I think you should sit down and make a list. Think long and hard about it, and put a lot of care and thought into it. Make a completely thorough list of all the reasons why you left your husband, don't leave anything at all out, no matter how trivial it may seem. Go back and remember every conversation, every dinner, every whatever. Go over it a few times, take your time and make sure it's complete. Then when you're done, make another list of all the reasons you would have for going back to him that have NOTHING to do with making HIM feel better, that have NOTHING to do with your guilt, only your love and passion for him, only based on the positives of your feelings for hiim and the life you had together. Then compare the lists, then be honest with yourself and really ask yourself if you deserve to rack YOURSELF with guilt. Only you can really know the answer, so only you can say. No one else has the right to tell you if you're being selfish, or wrong. Only you know what will make you happy, and only YOU will be unhappy if you don't get it.

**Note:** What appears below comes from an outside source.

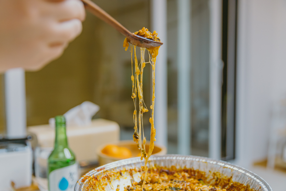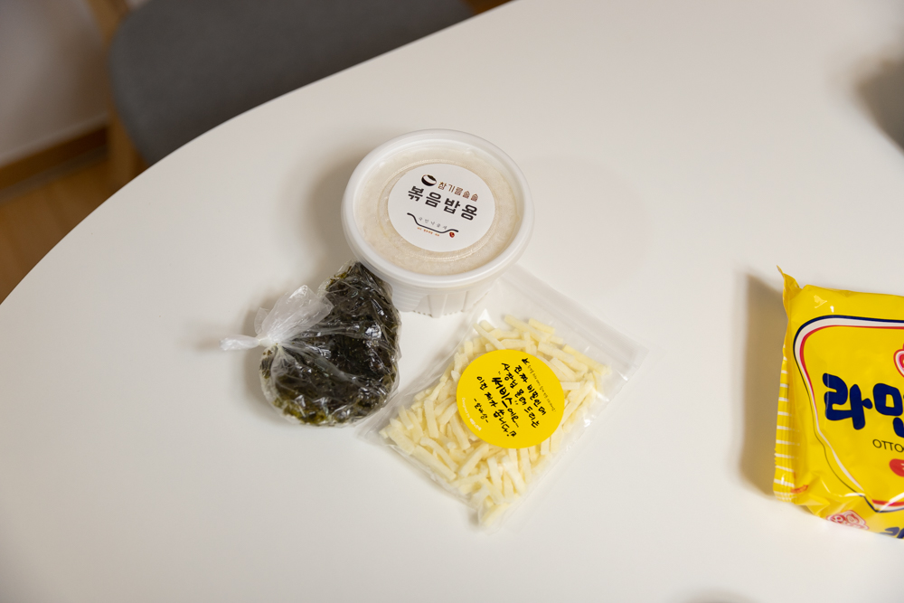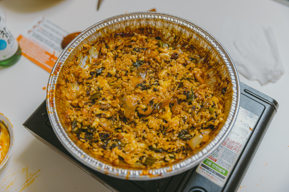 낙곱새를 다 먹고 나면 용기에 그대로 볶아 먹을 수 있는 밥과 김, 치즈 서비스.
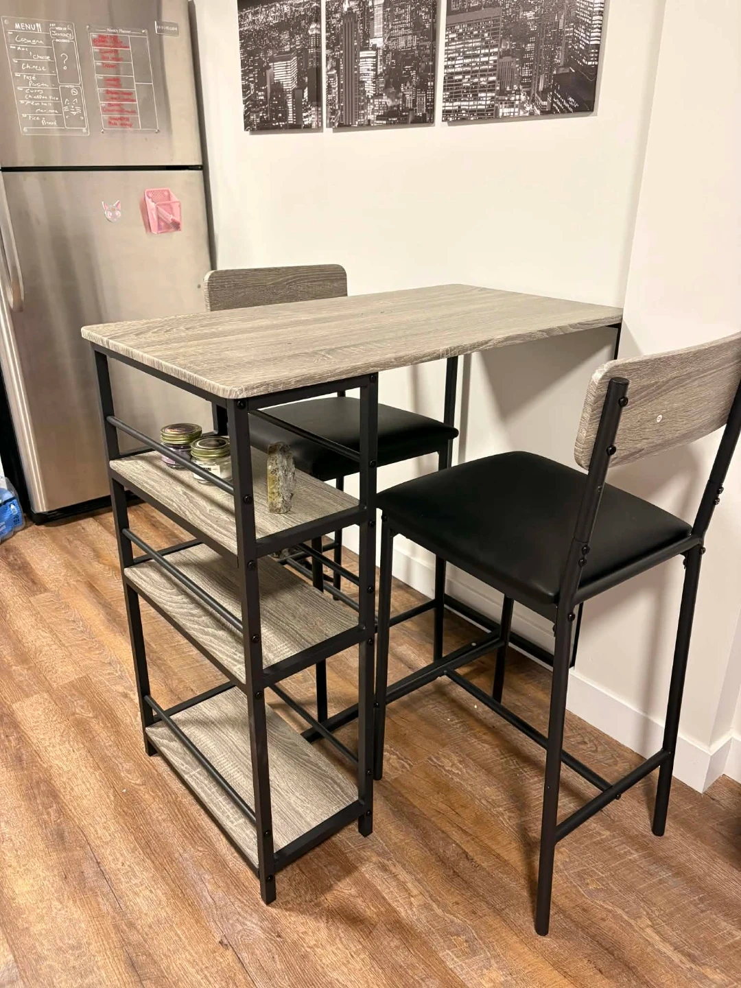 This set includes a bar height table with two matching stools. The table and stool backs have a faux wood grain finish. The seat and backrest of the stools are upholstered in black. Also storage shelf and it's great for small spaces!

Oh, and p.s., good thinking going it alone for a while, until you get your head straight on your own, but you need to clear out ALL the emotional junk that is working on your emotions either way. Go get your pets. If you are in an apartment that doesn't accept pets, find one that does and move asap. that will be one less thing for you to feel guilty about, plus having their company and staying busy with the business of loving them and caring for them again will make you feel more like yourself.
I don't know why I don't think I deserve guilt-free happiness. Maybe because I've always put others first, me last. Make sure everyone else is happy, warm, fed, and taken care of. It was enough for a long time because I didn't know any better. Then I met my friend again and for the first time in my life he put ME first. I had a foot rub and a back rub for the first time in my life. But what is so ridiculous is I even felt guilty for receiving pleasure. Not because I was betraying my husband, but because I didn't think I deserved it. It felt funny to be the center of someone else's attention. Still does.

I think I'm going to try the counseling route and see what can be done to help HIM. I know he's severely depressed. So am I for that matter. I just know I can't go on like this.